Ярко освещенный зал наш был уже полон, ни одного свободного места не оставалось, кое-где столики были сдвинуты под большую компанию, табачный дым в несколько слоев стлался над головами, сверкала прозрачная влага во вздымаемых чарах, стучал множественно металл о стекло и фаянс, раздавались заверения в дружбе, и уже в дальнем углу у фальшиво раскаленного камина некто седовласый в роскошно-мохнатой водолазке возглашал стихи диаконским рыком, а в другом углу компания лейб-гвардейцев стояла навытяжку, поднявши наполненные фужеры на уровень груди, – выслушивала тост, выражающий самые крайние упования, сожалея, вероятно, лишь о том, что нельзя будет, как при прежнем директоре Клуба, по опустошении фужеров разом ахнуть их об пол и придавить осколки каблуком; и уже двигался от столика к столику приветливо смеющийся, не очень известный читателям, но зато здесь почти всеми любимый Шура Пеклеваный, похлопывал сидящих по спинам, склонялся над женскими ручками и все отклонял и отклонял приглашения подсесть, потому что двигался к столику вполне определенному: Шура всегда абсолютно точно знал, к какому столику надлежит подсесть сегодня; и уже с шумом, громко переговариваясь, спускалась с антресолей по деревянной лестнице в зал манипула критиков и литературоведов, у которых только что кончилось заседание, растекалась, спустившись, между столиками, здоровалась, подсаживалась, прощалась; а посреди этого коловращения, в самом центре зала, гопа молодых напористо угощала главного редактора периферийного журнала, квадратного, даже кубического восточного человека в тюбетейке и стандартном пиджаке, усеянном по лацканам непонятными значками… Прекрасная жизнь била ключом, а мне надо было опять тащиться в чертову даль, и я с унынием думал о том, что еще может выкинуть тот, кто распоряжается моей судьбой…
Мне повезло – я сразу же схватил такси, и через полчаса мы с водителем отыскали в Бирюлеве больницу. Когда я вошел в палату, Костя сидел на койке, скрестивши ноги по-турецки, и с отвращением выскребал ложкой с тарелки остатки манной каши. Был он весь в больничном, клеймен был больничными клеймами, но в остальном выглядел неплохо. Конечно, румяным крепышом я бы его сейчас не назвал, морда у него была для этого слишком бледновата, но и от умирающего в нем теперь ничего уже не осталось, хотя подбородок и был измазан – манной кашей.

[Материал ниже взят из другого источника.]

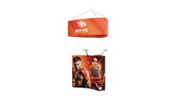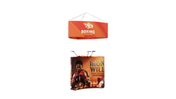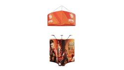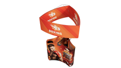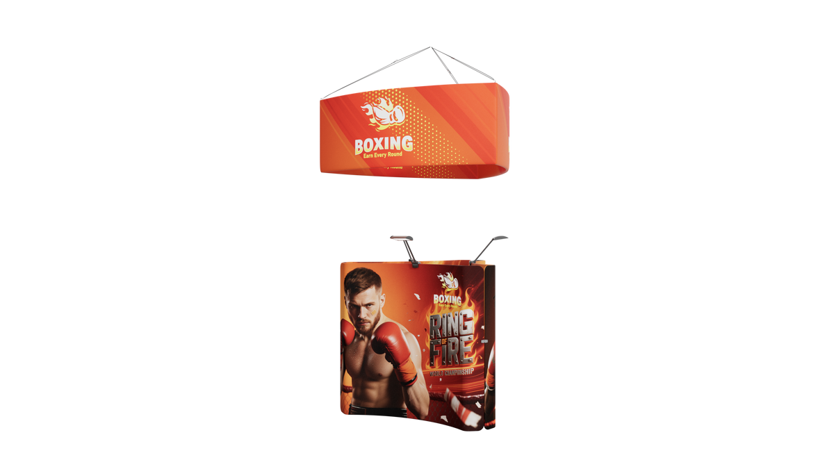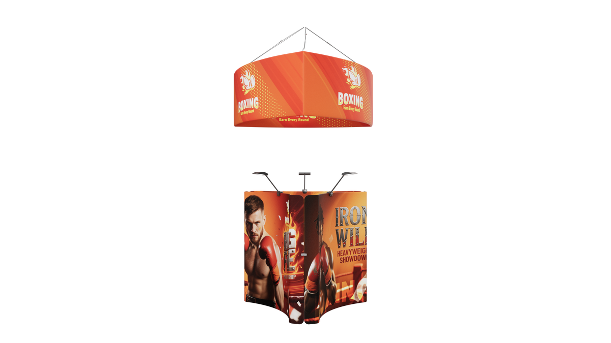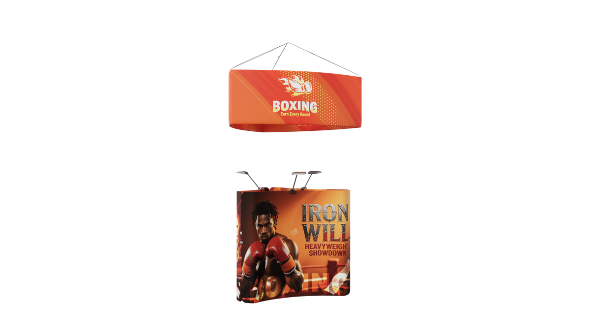10ft x 10ft “K” kit features 10'w x 3.3'h curved triangle hanging display w/strong wires and hooks, three 10'w x 7.5'h curved walls to form a triangle shape display and three LED lights.

Палата оказалась на шесть коек, и у окна кто-то лежал с капельницей, а больше в палате никого не было, все ушли на хоккей.
Увидев меня, Костя живо вскочил и так рьяно ко мне бросился, что я было ужаснулся: уж не хочет ли он меня обнять. Однако он ограничился пожатием и сердечным трясением руки моей. Он пожимал и тряс мою руку и говорил при этом как заведенный, почему-то все оглядываясь на тело с капельницей. Он не давал мне сказать ни слова. Он рассказывал мне, как его сначала рвало, а потом несло, как ему промывали сначала желудок, а потом кишечник, как его кололи, как его массировали и как ему давали кислород. И все время при этом он оглядывался и, наступая мне на ноги, оттеснял меня к двери.
– Да что ты пихаешься? – сказал я наконец уже в коридоре.
– Пойдем присядем, – пригласил он. – Вон там, скамеечка под пальмой.
Мы сели. В коридоре было совершенно пусто, только вдали дежурная сестра тихонько звякала пузырьками, а Костя все еще продолжал говорить, хотя уже и с заметно меньшим возбуждением. Его неистовую радость при встрече со мной я отнес за счет эйфории от неистового чувства благодарности и подумал, помнится: «Надо же, животное – а ведь чувствует!» И сейчас, ворвавшись в первую же паузу, я благодушно осведомился:
– Что, помогло, значит?
– Что именно? – спросил он быстро.
– Ну, этот твой… мафусаил…
– Да! – сдавленным от восторга голосом воскликнул он, снова хватая меня за руку. – Да! Если бы не это… А тут, понимаешь, сразу промывание желудка, под давлением, представляешь? Клизму такую засадили, вредители! Знаешь, сегодня я только понял, какая это страшная пытка у инквизиторов была, когда сзади воду закачивают… Веришь, у меня глаза на лоб полезли, впору к окулисту проситься!..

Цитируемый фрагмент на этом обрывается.